I'm really worried about the environment. I don't know how you couldn't be. Unless of course, you live in "the now" and don't put much thought into what's happens tomorrow. Or you vacation on ritzy Mediterranean beaches or expect a picture perfect Olympics.
Everywhere I turn, it seems Mother Earth is crying on my shoulder with her big, acid rain tears, whispering with her 100 mph hurricane winds "help me, help me," and yet as Beijing tries to cover their smog with a big aerosol can of air freshener, Mother Earth is clawing at my ankles with jellyfish pleading that my small little herb garden is not enough. And I know that it is not. Pollution not only grayed our skies and suffocated our fish, but it's like it's seeped into every aspect of our world. The economy is polluted. Politics are polluted. Our food is polluted. Society is polluted.
Jellyfish, from the shores of Long Island Sound in Connecticut to the shores of St. Tropez in the Mediterranean, are invading. The stories I have read in our local papers and Time magazine paint it as a "look who's going to ruin your summer vacation" story instead of a "look who's lives you have ruined because you enjoyed one two many lobster rolls on your vacation." It is apparently no big mystery why there is the sudden onslaught of jellyfish - less tuna, shark and other big fish due to overfishing means less predators eating the jellyfish. (That, and rising water temperatures.) Some of the more prestigious towns have invested thousands of dollars and Euros to install nets offshore to keep the gelatinous blobs away from card paying customers. Doesn't it seem like there might be a better use of these funds? Now, if I am paying thousands of dollars to go bake in the Mediterranean sand, of course I'm going to be disappointed if I can't also enjoy the crystal blue Sea. But at least I might think twice before ordering the tuna tartar for dinner. If I'm just encouraged to soak my sunblocked body in the water because my 5 star hotel has made arrangements to hide the pesky stingers from me, I might think my carbon footprint disappears with the tide and go for the tuna and the mahi mahi.
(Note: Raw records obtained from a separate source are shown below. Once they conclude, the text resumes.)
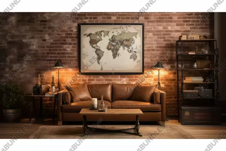 wooden rustic interior with poster illustration coffee map, brick wall, nostalgia space wooden rustic interior with poster
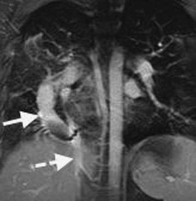 FIGURE 16-5. Pulmonary venolobar syndrome. MRI of a 24-year-old man shows a large venous structure (solid arrow) draining into the abdominal inferior vena cava (dashed arrow). |
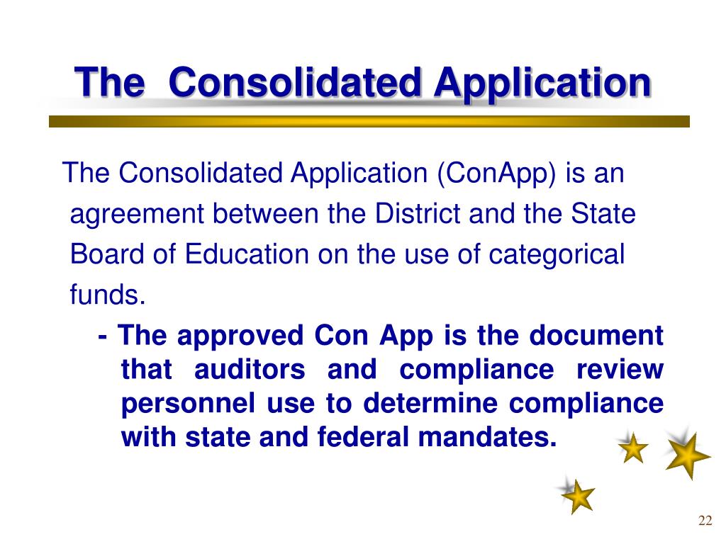 The Consolidated Application The Consolidated Application (ConApp) is an agreement between the District and the State Board of Education on the use of categorical funds. - The approved Con App is the document that auditors and compliance review personnel use to determine compliance with state and federal mandates.
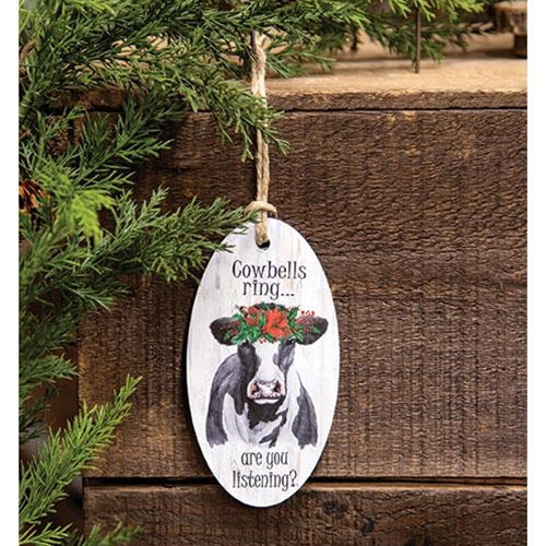 The Cowbells Ring Ornament is a tall, thin oval-shaped wooden slice ornament with a distressed white background. The ornament reads "Cowbells ring...are you listening?" in black lettering and displays a black and white spotted cow with a poinsettia crown. The top of the ornament includes a jute rope loop, perfect for using to display the ornament on a Christmas tree during the holiday season. Measures 4.75" high by 2.5" wide by .25" deep.
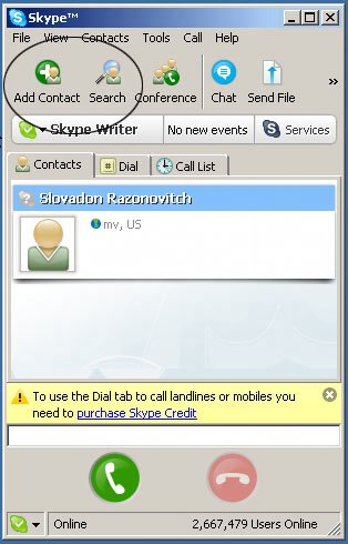 Type the Skype Name, full name, or e-mail address of the person you are looking for, and click Search. Select a contact from the list, and click Add Selected Contact. You will be asked to send your contact details. Alternatively, you can use Skype's ability to import contacts from address books in Outlook or other programs. To do this, choose Contacts > Import Contacts. Skype will search your address book and compare the information it finds with Skype Names. If Skype discovers any matches, you can follow the wizard to import contacts.
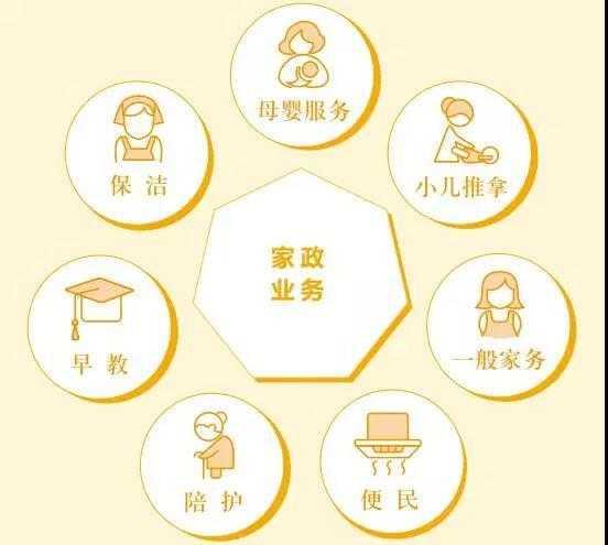 家政包括母婴服务(月嫂、育婴师、催乳师等)、小儿推拿、陪护(老人、医院)、一般家务(清洁打扫、接送孩子、家庭餐制作等等)、保洁、早教、便民等内容。

It's like trying to hide the fact that Beijing is covered by a constant blanket of smog thanks to progress and "modernization." How about instead of trying to temporarily clean it up, they just the world see how quickly China has risen to (almost) become the world's biggest polluter. Again, if I have tickets to go watch Michael Phelps win a historic eighth medal, would I be more comfortable somewhere where I didn't have to wear a mask to breathe? For sure. But if I see how bad it really is, maybe just maybe, I and the 5,000 people surrounding me in the stands will be inspired to do something. If I see how clean and fresh the air is, I might get to thinking that Al Gore is the one full of hot air. Why not use the Olympics or the pain of dealing with jellyfish on your vacation as a platform to get people motivated to do more, no matter how little. Covering up the damage we've done is like censoring information on human rights violations in Tibet, Darfur and Myanmar and pretending the holocaust didn't exist.
The environment is not a collective, dirty little secret. It's dirty but it's no secret. It's becoming the elephant in the room. We can't just keep pretending like there is no problem (or that it's someone else's) and hope it just goes away. The jellyfish will keep coming. The hurricanes will just get stronger and the smog will eventually suffocate us all. Mother Earth is talking. How about we stop trying to talk over her and just listen?
NASA wants more money to launch more rockets into orbit but I'm sure they haven't come up with a hybrid or alternative fuel spaceship. I guess there is hope that once we have really, irrevocably destroyed this world, there is always Father Mars.